What I think I need to do this keeps refining and changing as I read through this. What makes it possible to sort it fairly effectively is I know the impact I want, the size of the images, that they derive from the sunset paintings but aren’t direct photo stenciled – but maybe they do come from that process altered. Thus I can look through paper, screens, squeegees, designs for tables and exposure, and evaluate against that initial 24″ x 30″ painting – probably a 18″ x 22″ print…

More to learn. But this is a much simpler project than an etching press will be.

—spence

printmaking

I saw the MFA’s Alex Katz Prints exhibition April 25th. Alex Katz’s work reminded me intensely of Tom Wesselmann. Alex Katz was at Cooper Union 1945 to 1949. Tom Wesselmann was accepted at Cooper Union in 1956. They are roughly contemporary, Alex was born in 1927, Tom in 1931. Tom Wesselmann maintained bright color and pop art direction through to his passing in 2004. Alex Katz kept similar bright color and simplified form (at least in prints) but concentrated on literal interpretation of the human form.

wesselmann
alex_katz_1
wesselmann2
Alex Katz print #2

A lot of fun to see.

In the exhibit some of the prints were exhibited done through several different processes – screenprint next to woodcut, for example.

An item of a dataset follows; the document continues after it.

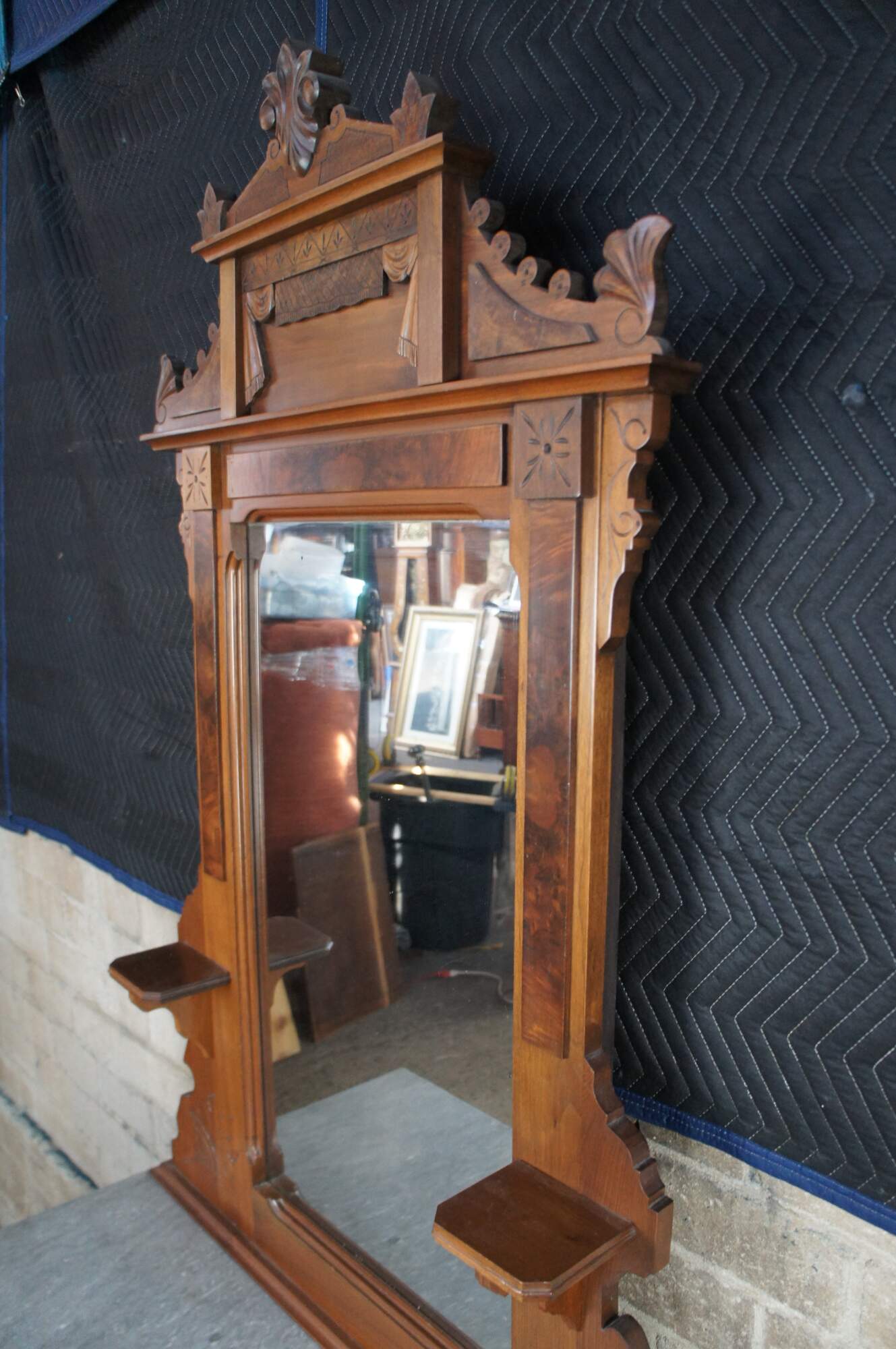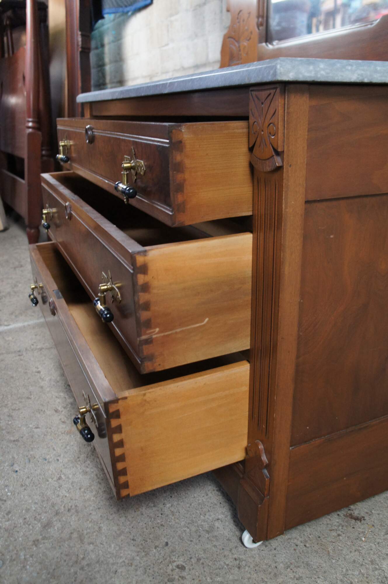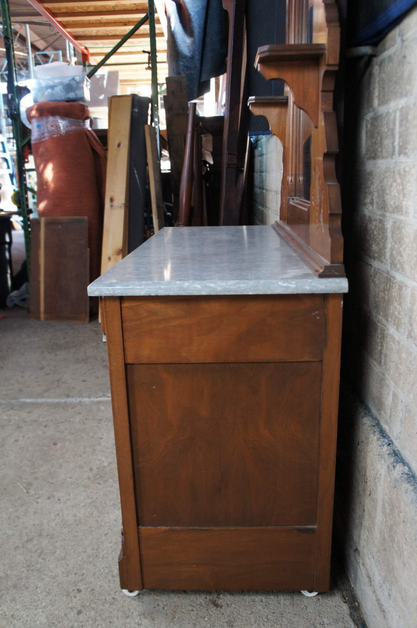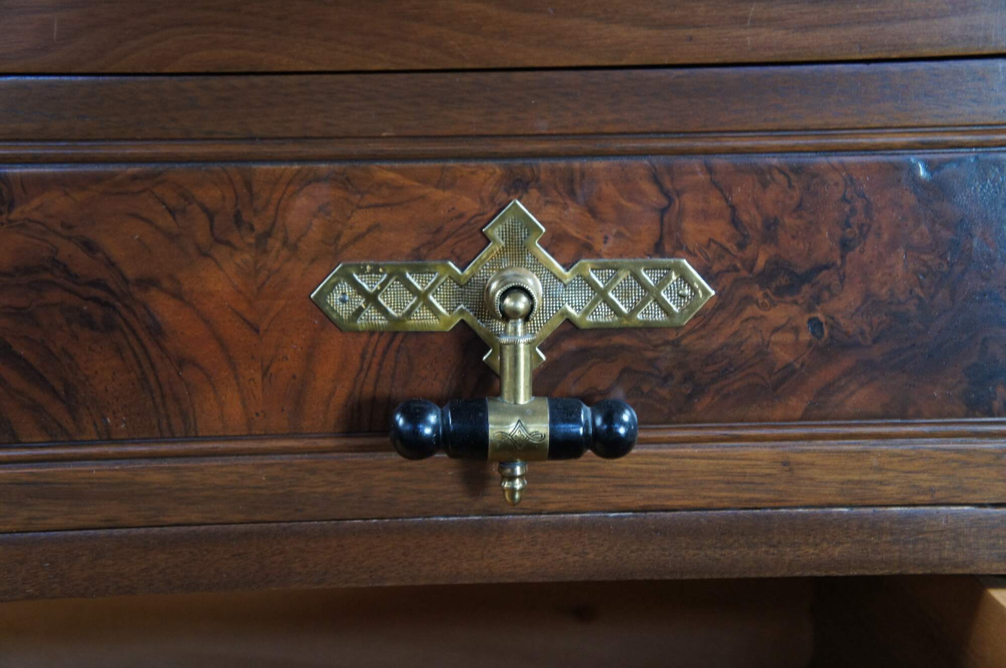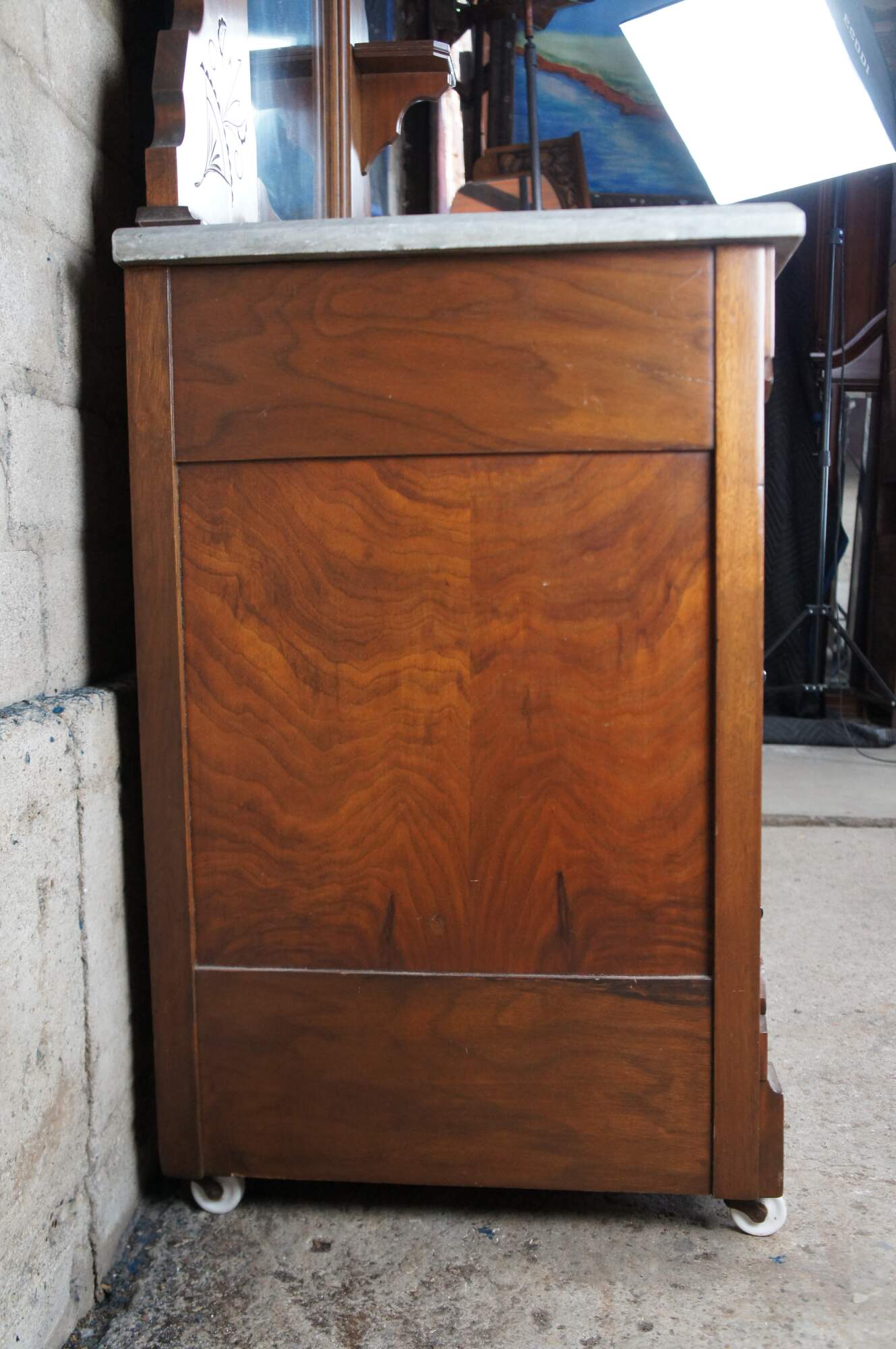 A charming antique Victorian Renaissance Revival dresser & mirror, circa 1880s. Made from walnut with vibrant burled panels along the front and matchbook burling along the sides. It features a large ornately carved mirror with looking glass set between two shelves over a marble chest of drawers. Dovetailed drawers are between fluted stiles with ornate brass knocker pulls and keyhole escutcheons. The dresser is set over porcelain casters for ease of movement.

I’m researching presses, screen and etching. If it were as simple as buying a press and trying it out that would be one thing. But I would want to print abstracted sunsets at 24″ x 30″ and that in a new etching press is 5500.00 and up. Not to mention you have to watch what these things weigh – some are “light” at 1250 lbs., a weight savings of half from a less weight-conscious press that comes in at 2650 lbs. Not the thing you throw casually into a second floor studio. Screen presses are easier in the press itself – I can likely build one that will accommodate 24″ x 30″ prints in four colors. I found a design which I can adapt at www.printingplans.com. Most of the for-sale presses for screen are t-shirt and fabric presses.

I also found an elegant solution already executed by Doug Forsythe at buildapress.com. This is very interesting. For a best guess expense of $1200 – $1700 I can likely build a press that would print 26″ x 32″ (my arbitrary dimensions). A press that I am finding would cost 5500.00 to 8500.00 new, and would be able to print exactly what I want to.

I think a simplified abstracted away yet again sunset could be very cool in handmade small editions. Not to mention just straight print art itself.